(Beginning of Excerpted data)

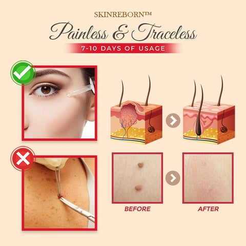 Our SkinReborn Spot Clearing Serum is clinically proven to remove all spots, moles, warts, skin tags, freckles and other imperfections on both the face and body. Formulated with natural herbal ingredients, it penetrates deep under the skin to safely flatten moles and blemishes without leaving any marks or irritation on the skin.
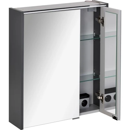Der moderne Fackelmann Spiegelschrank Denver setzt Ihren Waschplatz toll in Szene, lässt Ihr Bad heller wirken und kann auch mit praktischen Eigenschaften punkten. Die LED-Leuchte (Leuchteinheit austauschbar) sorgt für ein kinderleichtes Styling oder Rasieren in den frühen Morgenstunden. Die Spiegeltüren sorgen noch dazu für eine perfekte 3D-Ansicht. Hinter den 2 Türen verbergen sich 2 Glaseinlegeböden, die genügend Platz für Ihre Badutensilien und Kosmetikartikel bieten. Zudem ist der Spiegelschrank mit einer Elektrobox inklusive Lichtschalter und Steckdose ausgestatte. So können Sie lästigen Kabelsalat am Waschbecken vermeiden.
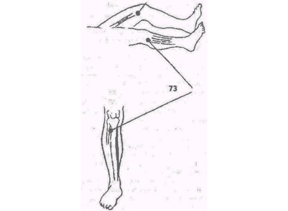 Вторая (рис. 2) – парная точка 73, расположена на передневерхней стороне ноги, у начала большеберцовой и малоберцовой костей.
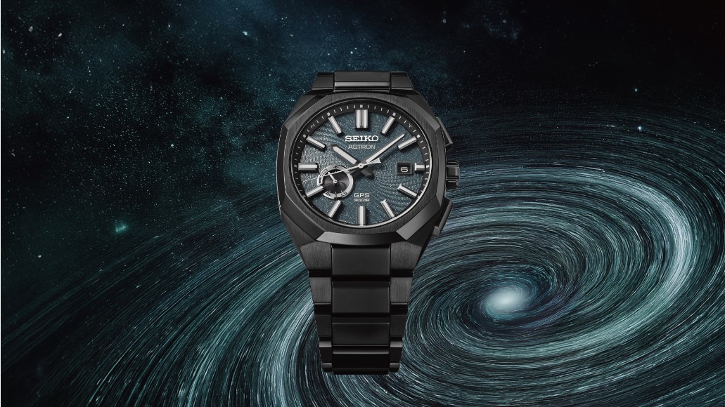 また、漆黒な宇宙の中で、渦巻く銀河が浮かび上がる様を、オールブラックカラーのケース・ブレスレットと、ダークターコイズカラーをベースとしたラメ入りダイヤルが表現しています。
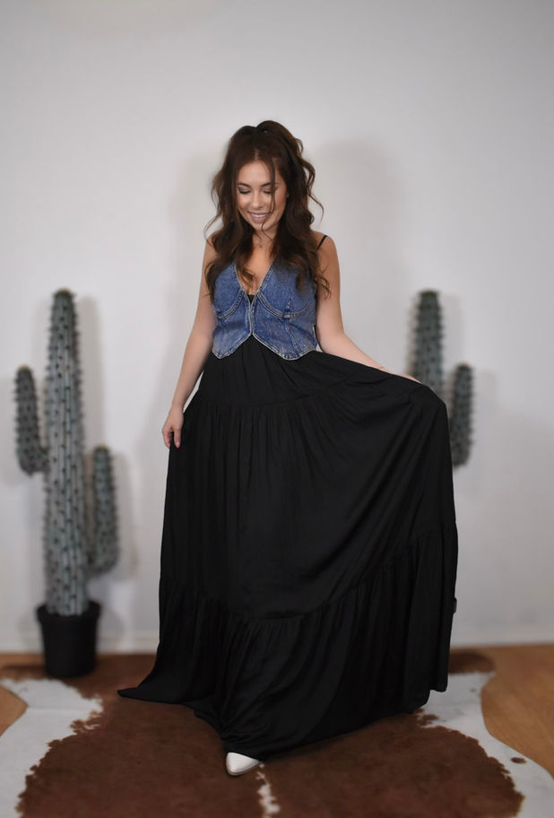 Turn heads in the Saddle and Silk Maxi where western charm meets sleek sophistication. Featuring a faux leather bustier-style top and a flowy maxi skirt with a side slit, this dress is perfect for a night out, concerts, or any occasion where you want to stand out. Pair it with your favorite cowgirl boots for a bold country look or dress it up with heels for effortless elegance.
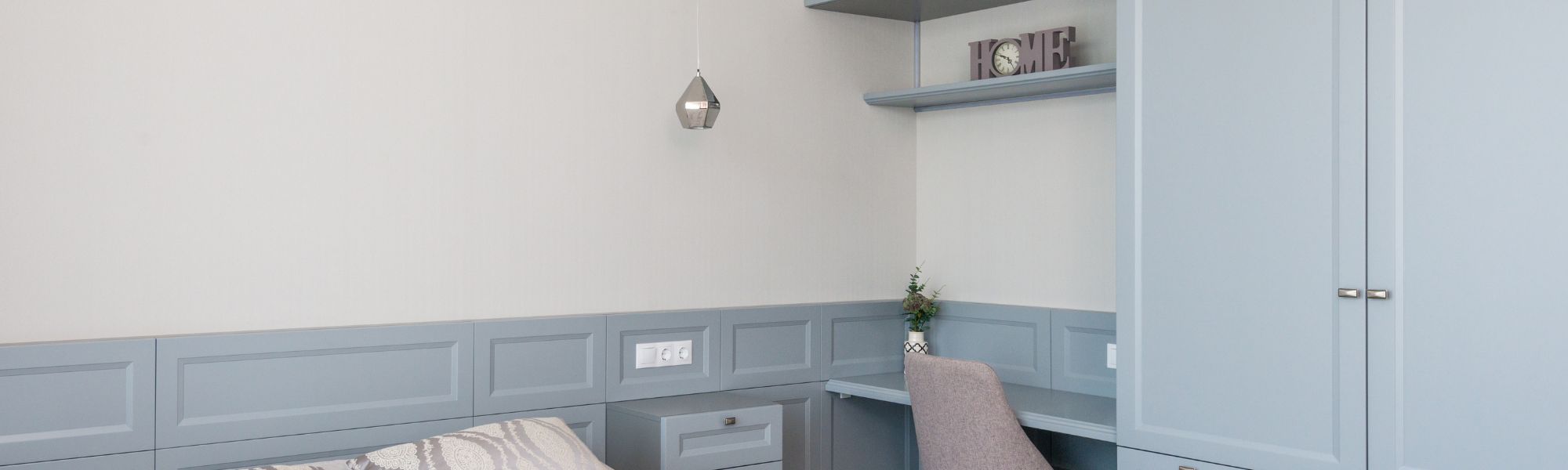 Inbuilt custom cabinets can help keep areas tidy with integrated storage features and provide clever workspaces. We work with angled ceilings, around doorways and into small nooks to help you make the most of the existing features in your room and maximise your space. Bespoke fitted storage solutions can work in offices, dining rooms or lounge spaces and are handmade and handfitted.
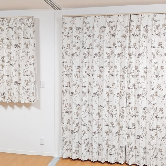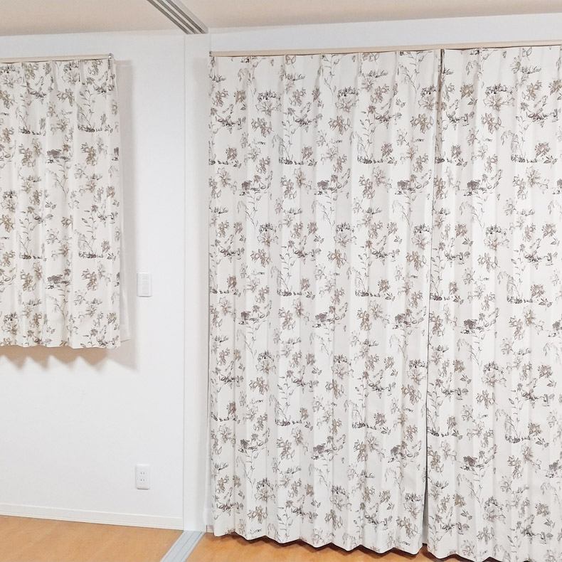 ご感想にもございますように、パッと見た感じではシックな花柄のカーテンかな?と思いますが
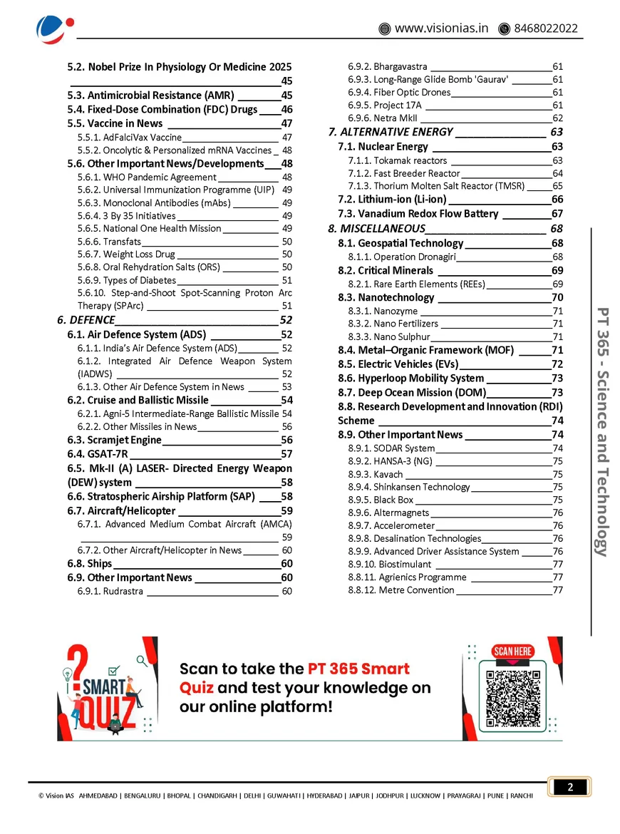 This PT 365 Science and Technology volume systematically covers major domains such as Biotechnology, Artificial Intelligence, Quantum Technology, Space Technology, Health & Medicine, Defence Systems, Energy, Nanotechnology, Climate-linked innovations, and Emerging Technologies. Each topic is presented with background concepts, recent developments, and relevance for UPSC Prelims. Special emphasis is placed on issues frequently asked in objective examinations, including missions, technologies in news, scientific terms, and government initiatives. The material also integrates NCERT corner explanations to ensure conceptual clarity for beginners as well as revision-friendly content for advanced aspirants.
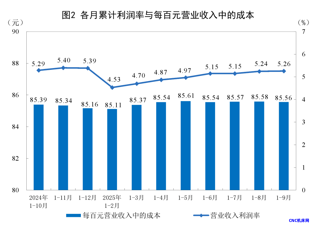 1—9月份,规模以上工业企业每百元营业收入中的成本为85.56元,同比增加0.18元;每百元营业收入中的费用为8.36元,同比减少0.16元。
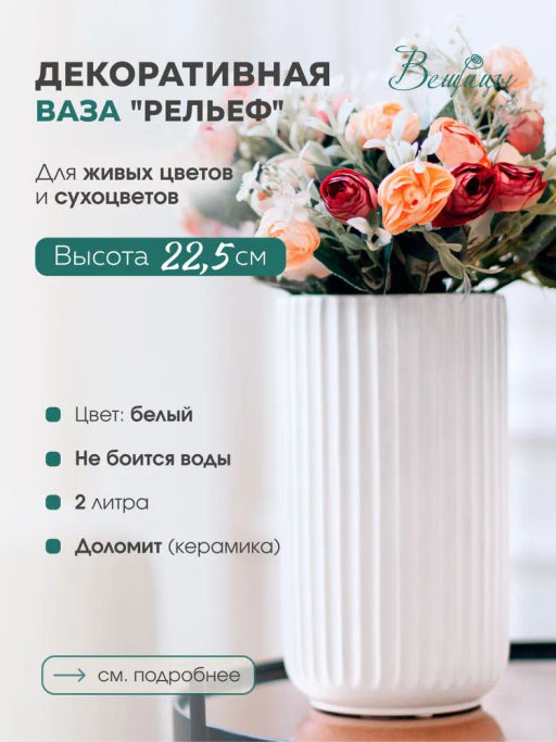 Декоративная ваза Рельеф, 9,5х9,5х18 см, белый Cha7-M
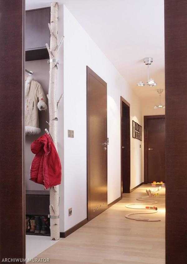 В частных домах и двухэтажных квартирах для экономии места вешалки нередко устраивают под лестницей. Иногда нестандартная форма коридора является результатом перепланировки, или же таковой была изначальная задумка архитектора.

(End of Excerpted data)

From the records above, return exactly the lines running from the one that contains "Inbuilt custom cabinets" down to the one that contains "ご感想にもございますように、", both included, without any pictures.

▶ Task answer:
 Inbuilt custom cabinets can help keep areas tidy with integrated storage features and provide clever workspaces. We work with angled ceilings, around doorways and into small nooks to help you make the most of the existing features in your room and maximise your space. Bespoke fitted storage solutions can work in offices, dining rooms or lounge spaces and are handmade and handfitted.
 ご感想にもございますように、パッと見た感じではシックな花柄のカーテンかな?と思いますが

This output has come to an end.